- _ACTIVITY_
For the records below, output word for word the lines from the one with "2盒装Centrum善存每日进阶女士营养包30/40钙铁女性复合维生素B族" up to and including the one with "Yipinpay Sweet Autumn". No pictures.

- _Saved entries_
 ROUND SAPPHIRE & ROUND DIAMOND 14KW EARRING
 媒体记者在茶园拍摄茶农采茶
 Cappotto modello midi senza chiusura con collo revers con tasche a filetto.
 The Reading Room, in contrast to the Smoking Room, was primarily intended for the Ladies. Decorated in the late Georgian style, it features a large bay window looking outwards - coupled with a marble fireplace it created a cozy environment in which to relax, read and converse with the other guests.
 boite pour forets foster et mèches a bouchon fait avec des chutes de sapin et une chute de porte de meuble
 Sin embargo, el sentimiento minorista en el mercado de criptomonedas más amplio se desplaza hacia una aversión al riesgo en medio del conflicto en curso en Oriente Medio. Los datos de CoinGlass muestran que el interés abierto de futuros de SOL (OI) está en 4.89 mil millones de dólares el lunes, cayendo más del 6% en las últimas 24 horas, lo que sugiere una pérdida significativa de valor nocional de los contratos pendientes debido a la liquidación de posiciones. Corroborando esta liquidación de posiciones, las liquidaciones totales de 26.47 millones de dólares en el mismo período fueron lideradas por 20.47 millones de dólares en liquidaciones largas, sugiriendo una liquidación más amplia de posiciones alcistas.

==

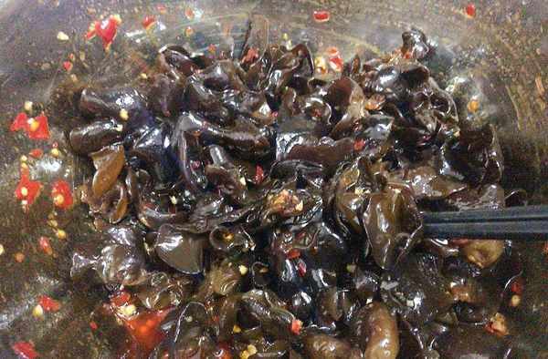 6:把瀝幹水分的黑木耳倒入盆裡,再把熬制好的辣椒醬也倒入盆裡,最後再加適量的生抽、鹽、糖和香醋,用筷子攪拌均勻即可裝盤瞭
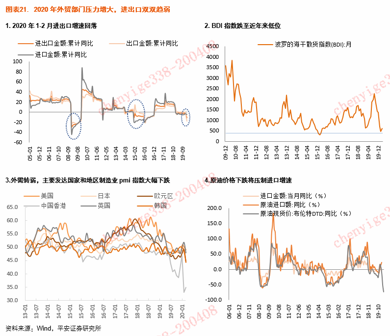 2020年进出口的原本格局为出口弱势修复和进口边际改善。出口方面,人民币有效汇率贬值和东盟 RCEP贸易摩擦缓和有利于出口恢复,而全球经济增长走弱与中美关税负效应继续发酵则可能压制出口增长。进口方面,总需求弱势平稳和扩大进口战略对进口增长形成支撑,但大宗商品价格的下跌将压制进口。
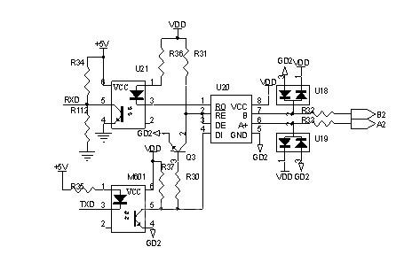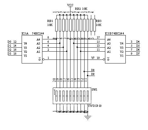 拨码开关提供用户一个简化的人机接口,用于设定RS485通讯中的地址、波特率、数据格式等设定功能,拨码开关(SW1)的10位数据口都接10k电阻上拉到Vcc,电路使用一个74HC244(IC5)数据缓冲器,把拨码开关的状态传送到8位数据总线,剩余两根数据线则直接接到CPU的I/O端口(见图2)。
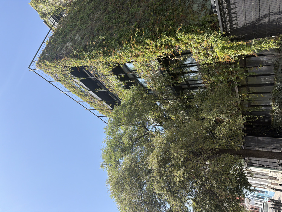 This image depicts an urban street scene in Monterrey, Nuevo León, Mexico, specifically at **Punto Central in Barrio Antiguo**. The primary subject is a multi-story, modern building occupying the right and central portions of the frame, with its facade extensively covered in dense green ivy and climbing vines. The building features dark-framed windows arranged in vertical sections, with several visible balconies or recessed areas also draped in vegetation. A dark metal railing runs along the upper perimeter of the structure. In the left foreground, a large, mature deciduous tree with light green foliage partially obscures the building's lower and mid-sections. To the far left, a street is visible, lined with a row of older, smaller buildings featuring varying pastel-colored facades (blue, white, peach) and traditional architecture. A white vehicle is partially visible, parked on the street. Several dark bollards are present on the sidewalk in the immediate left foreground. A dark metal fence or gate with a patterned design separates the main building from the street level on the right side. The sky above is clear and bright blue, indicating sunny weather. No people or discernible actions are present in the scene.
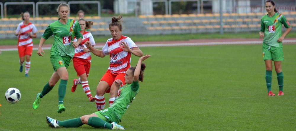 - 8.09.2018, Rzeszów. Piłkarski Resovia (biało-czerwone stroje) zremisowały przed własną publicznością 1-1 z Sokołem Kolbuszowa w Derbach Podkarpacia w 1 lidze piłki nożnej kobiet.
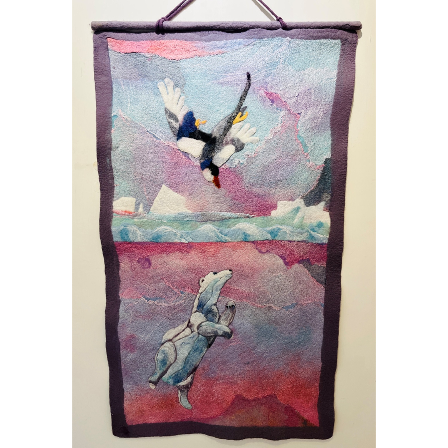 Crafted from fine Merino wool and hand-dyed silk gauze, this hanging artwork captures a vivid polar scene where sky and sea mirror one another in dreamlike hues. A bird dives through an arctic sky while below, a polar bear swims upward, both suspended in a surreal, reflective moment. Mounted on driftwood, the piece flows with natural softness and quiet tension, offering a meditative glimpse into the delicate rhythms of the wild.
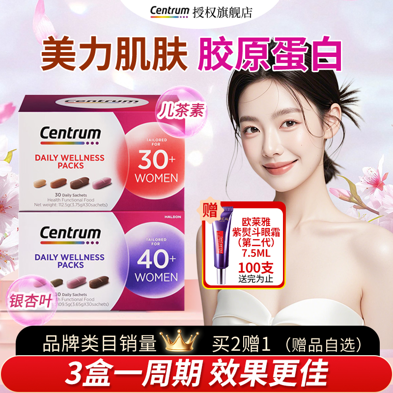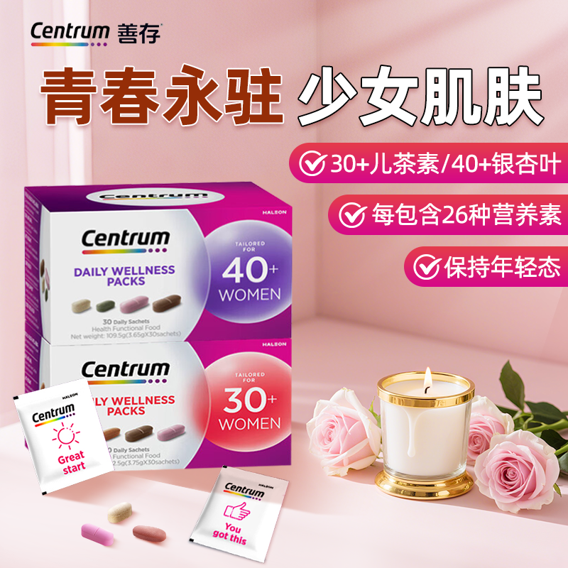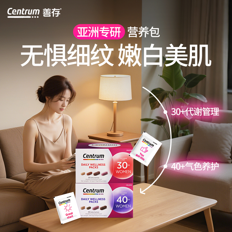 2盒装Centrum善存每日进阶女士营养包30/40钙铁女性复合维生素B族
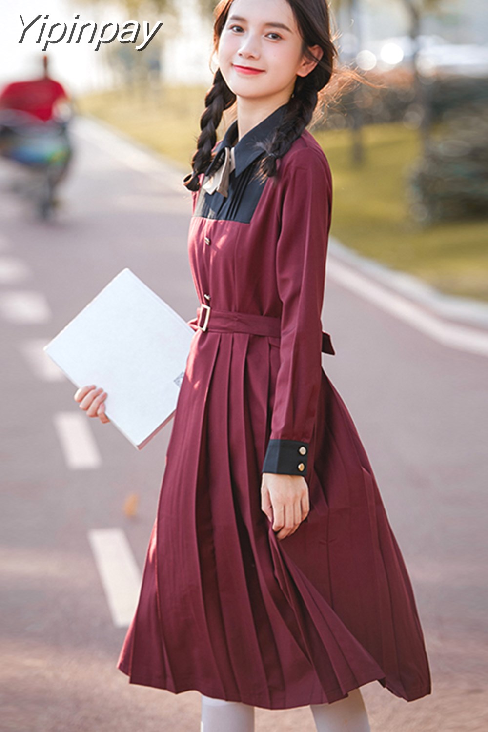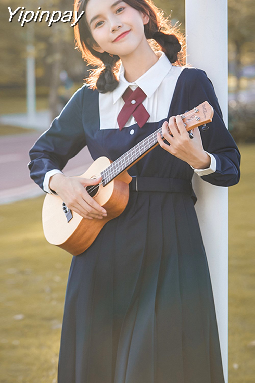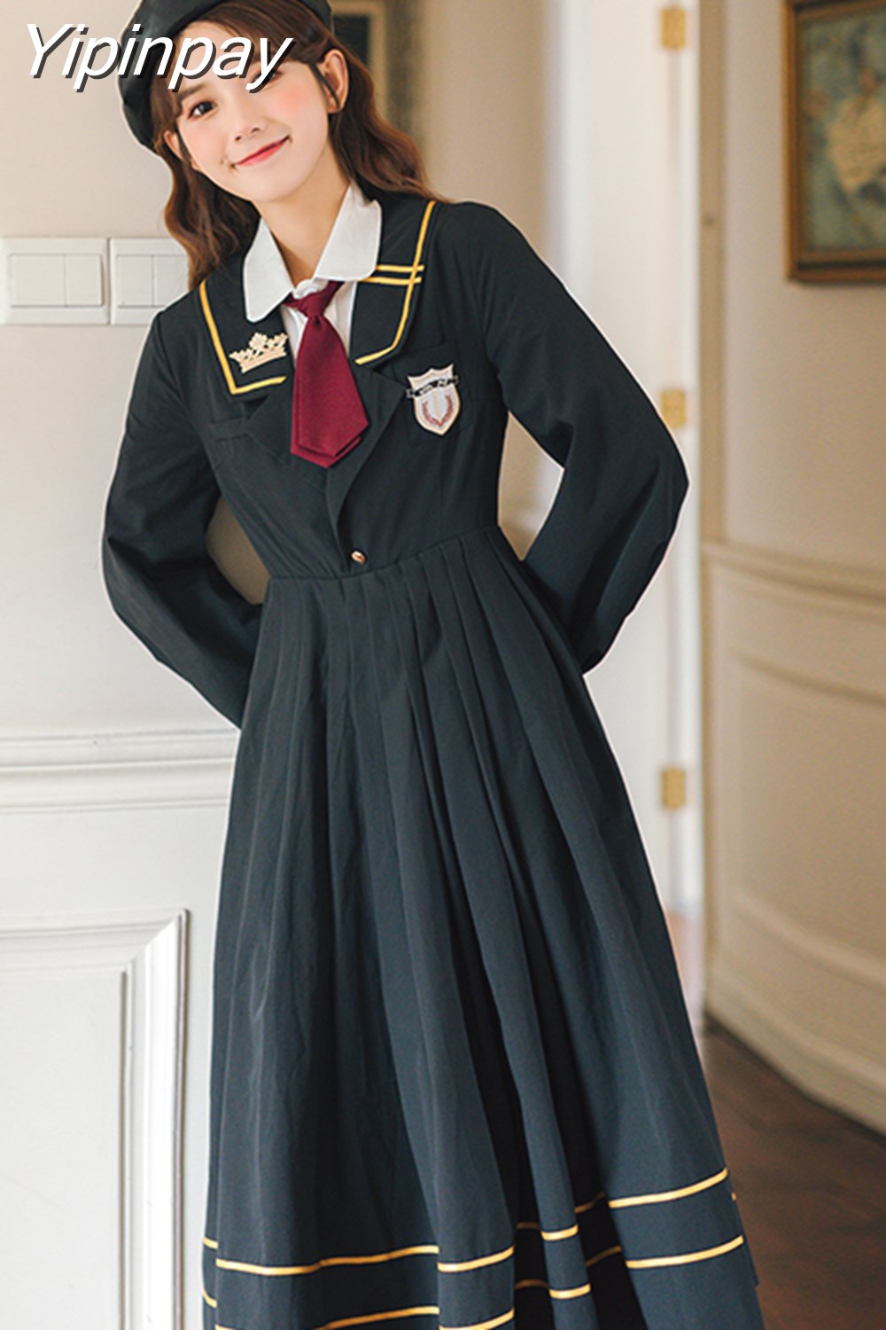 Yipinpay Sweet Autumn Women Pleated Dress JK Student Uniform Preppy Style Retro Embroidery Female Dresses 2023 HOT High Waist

- _RESPONSE TO THE TASK_
 2盒装Centrum善存每日进阶女士营养包30/40钙铁女性复合维生素B族
 Yipinpay Sweet Autumn Women Pleated Dress JK Student Uniform Preppy Style Retro Embroidery Female Dresses 2023 HOT High Waist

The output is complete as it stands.